Aim of the task:
Copy out the full listing exactly, omitting any picture it contains.

Raw data:

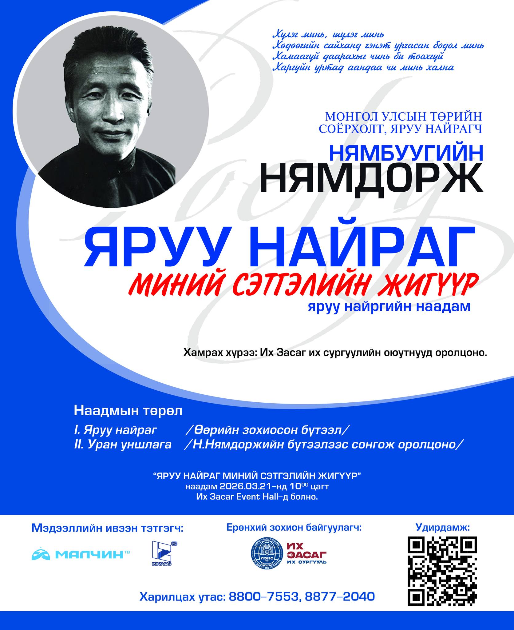 Дэлхийн яруу найргийн өдрийг тохиолдуулан Чингис хааны нэрэмжит Их Засаг их сургууль-аас жил бүр уламжлал болгон зохион байгуулдаг Монгол Улсын Төрийн Соёрхолт, яруу найрагч Нямбуугийн Нямдоржийн нэрэмжит “ЯРУУ НАЙРАГ – МИНИЙ СЭТГЭЛИЙН ЖИГҮҮР” яруу найргийн наадам 2026 оны 03 дугаар сарын 21-ний өдөр зохион байгуулагдах гэж байна.
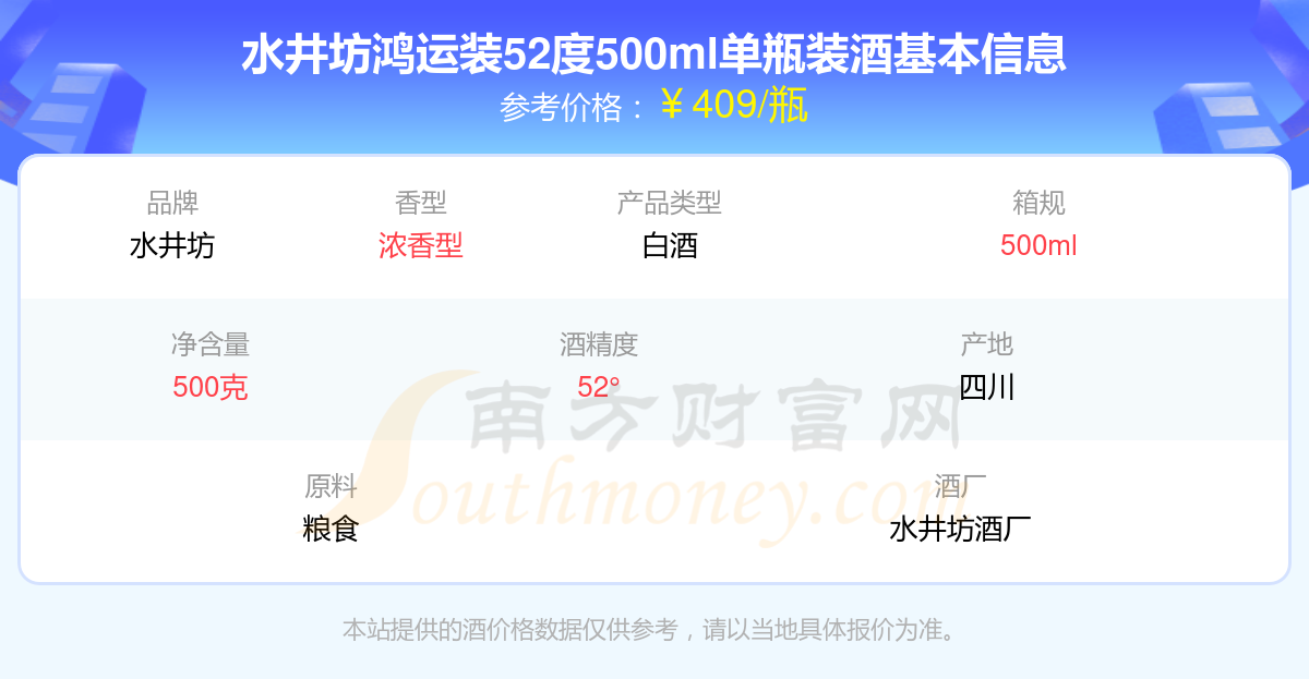 水井坊鴻運(yùn)裝52度500ml單瓶裝基本信息
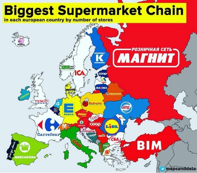 Εάν υπάρχει μία αγορά όπου βασιλεύει ο ανταγωνισμός αυτή δεν είναι άλλη από αυτή των σούπερ μάρκετ. Όπως φαίνεται και στον χάρτη πιο κάτω αν και υπάρχουν ισχυρές αλυσίδες που αρκετές έχουν παρουσία σε αρκετές χώρες της Ευρώπης ελάχιστες είναι αυτές οι οποίες καταφέρνουν να χτυπήσουν πρωτιά σε αριθμό καταστημάτων σε πάνω από μία αγορά.
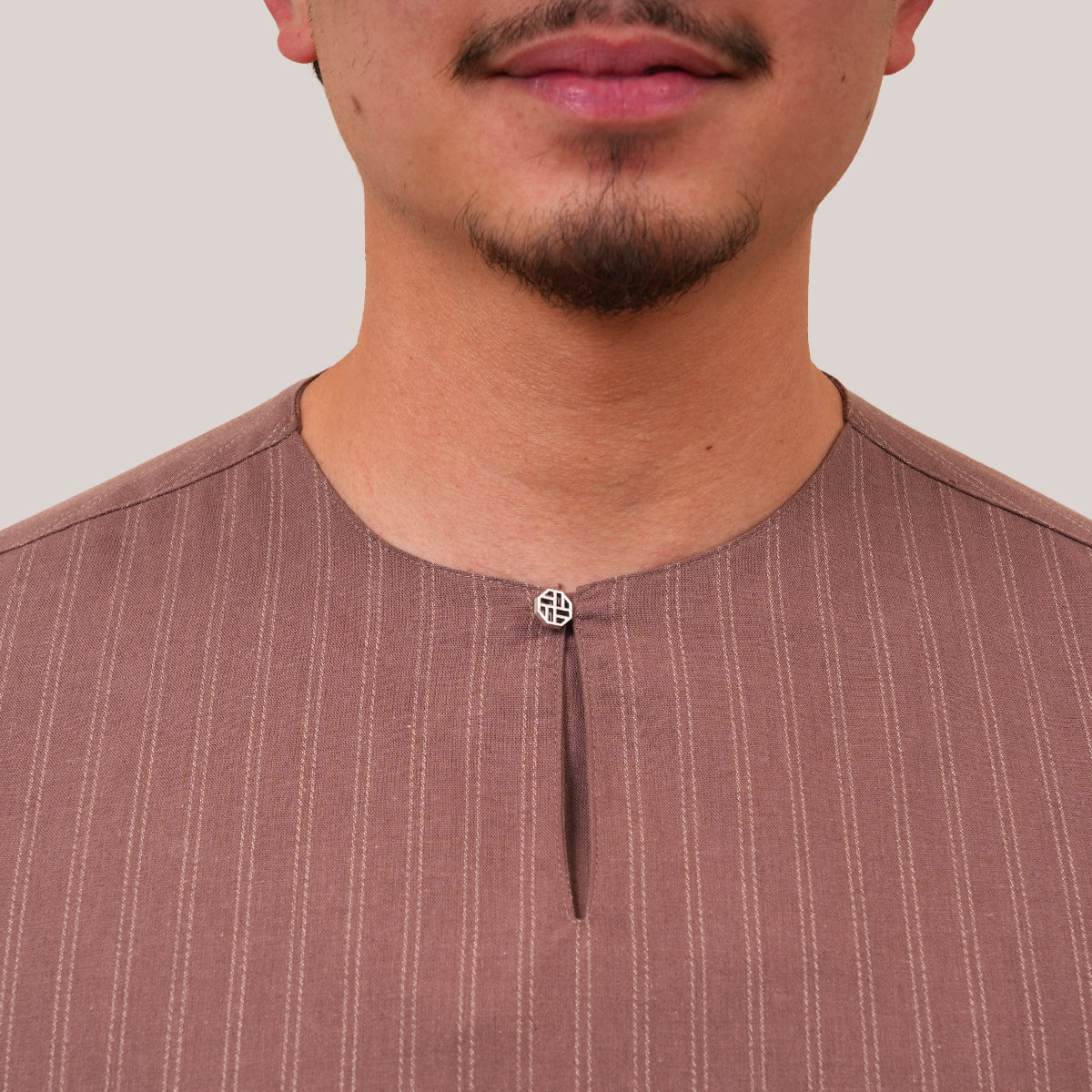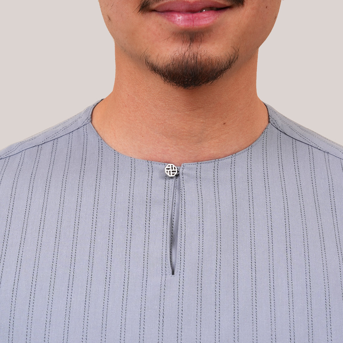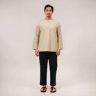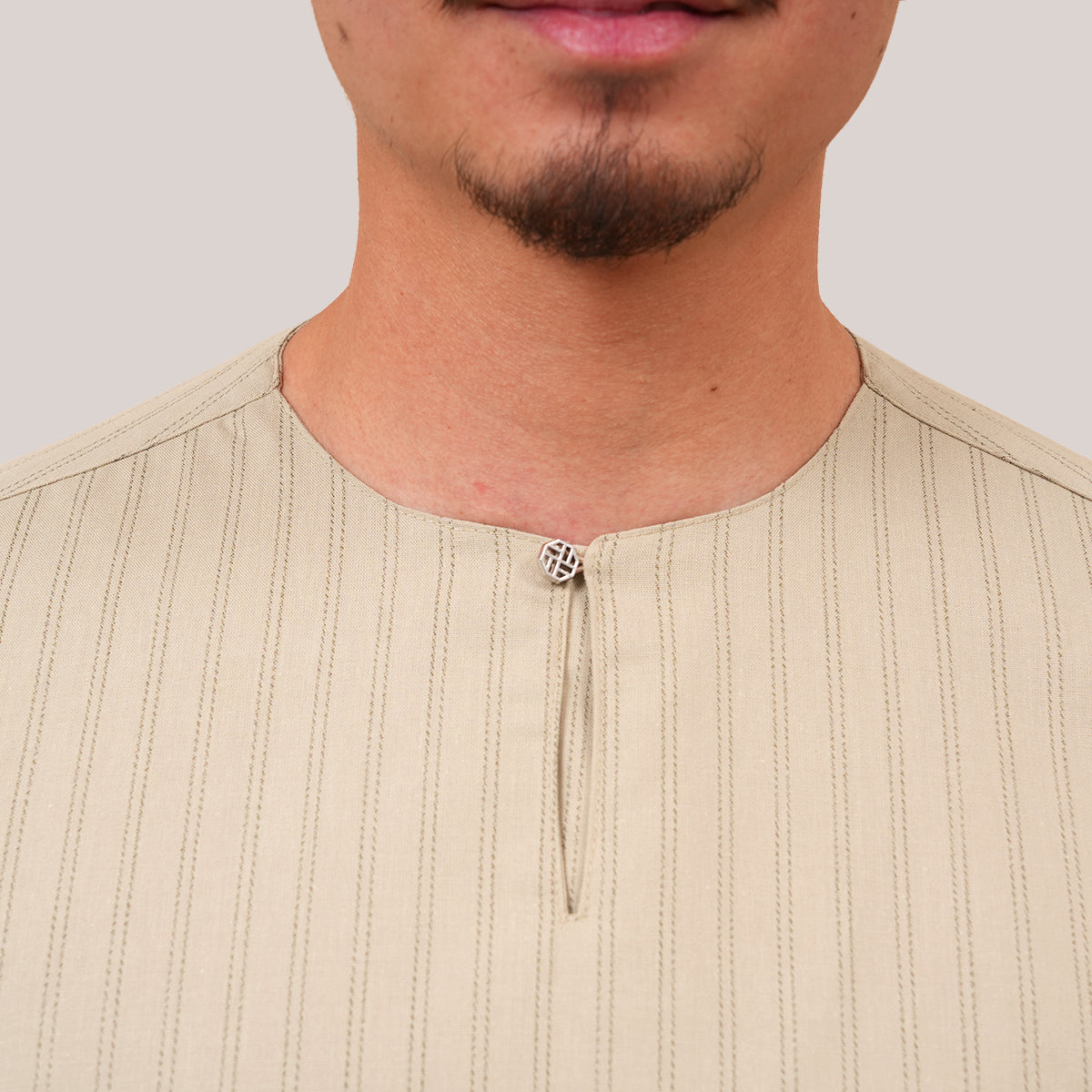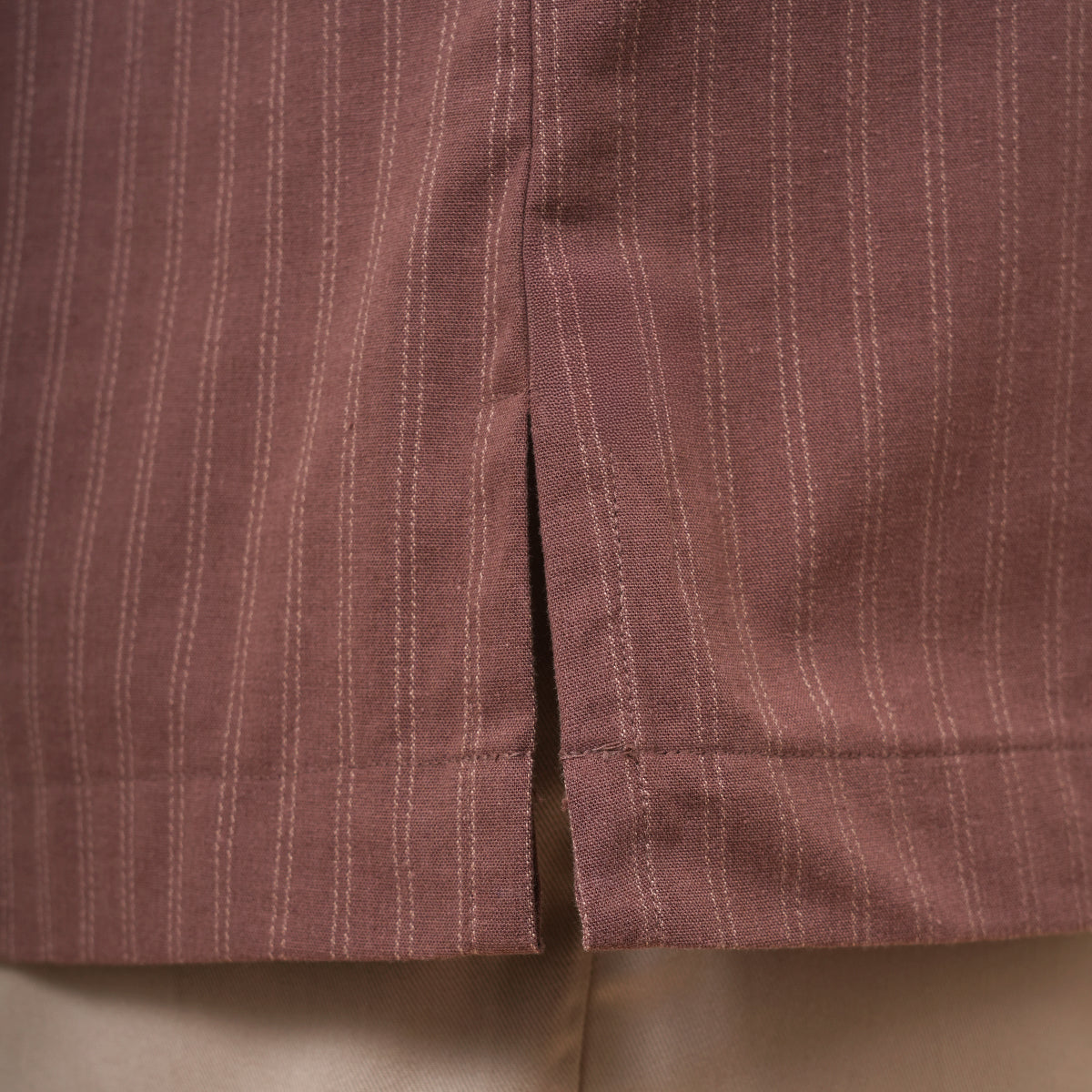 The Imran Top is made from a comfortable 60% cotton and 40% polyester blend, featuring a modern double-stripe design in trendy neutral and pastel colours. Inspired by the Aidan Top, it comes with a teluk belanga collared neckline for a subtle traditional touch. With side pockets, side slits, and a relaxed regular fit, this modest long-sleeve top offers comfort and ease of movement, making it suitable for ibadah, formal occasions, or everyday wear.

Final answer:
 Дэлхийн яруу найргийн өдрийг тохиолдуулан Чингис хааны нэрэмжит Их Засаг их сургууль-аас жил бүр уламжлал болгон зохион байгуулдаг Монгол Улсын Төрийн Соёрхолт, яруу найрагч Нямбуугийн Нямдоржийн нэрэмжит “ЯРУУ НАЙРАГ – МИНИЙ СЭТГЭЛИЙН ЖИГҮҮР” яруу найргийн наадам 2026 оны 03 дугаар сарын 21-ний өдөр зохион байгуулагдах гэж байна.
 水井坊鴻運(yùn)裝52度500ml單瓶裝基本信息
 Εάν υπάρχει μία αγορά όπου βασιλεύει ο ανταγωνισμός αυτή δεν είναι άλλη από αυτή των σούπερ μάρκετ. Όπως φαίνεται και στον χάρτη πιο κάτω αν και υπάρχουν ισχυρές αλυσίδες που αρκετές έχουν παρουσία σε αρκετές χώρες της Ευρώπης ελάχιστες είναι αυτές οι οποίες καταφέρνουν να χτυπήσουν πρωτιά σε αριθμό καταστημάτων σε πάνω από μία αγορά.
 The Imran Top is made from a comfortable 60% cotton and 40% polyester blend, featuring a modern double-stripe design in trendy neutral and pastel colours. Inspired by the Aidan Top, it comes with a teluk belanga collared neckline for a subtle traditional touch. With side pockets, side slits, and a relaxed regular fit, this modest long-sleeve top offers comfort and ease of movement, making it suitable for ibadah, formal occasions, or everyday wear.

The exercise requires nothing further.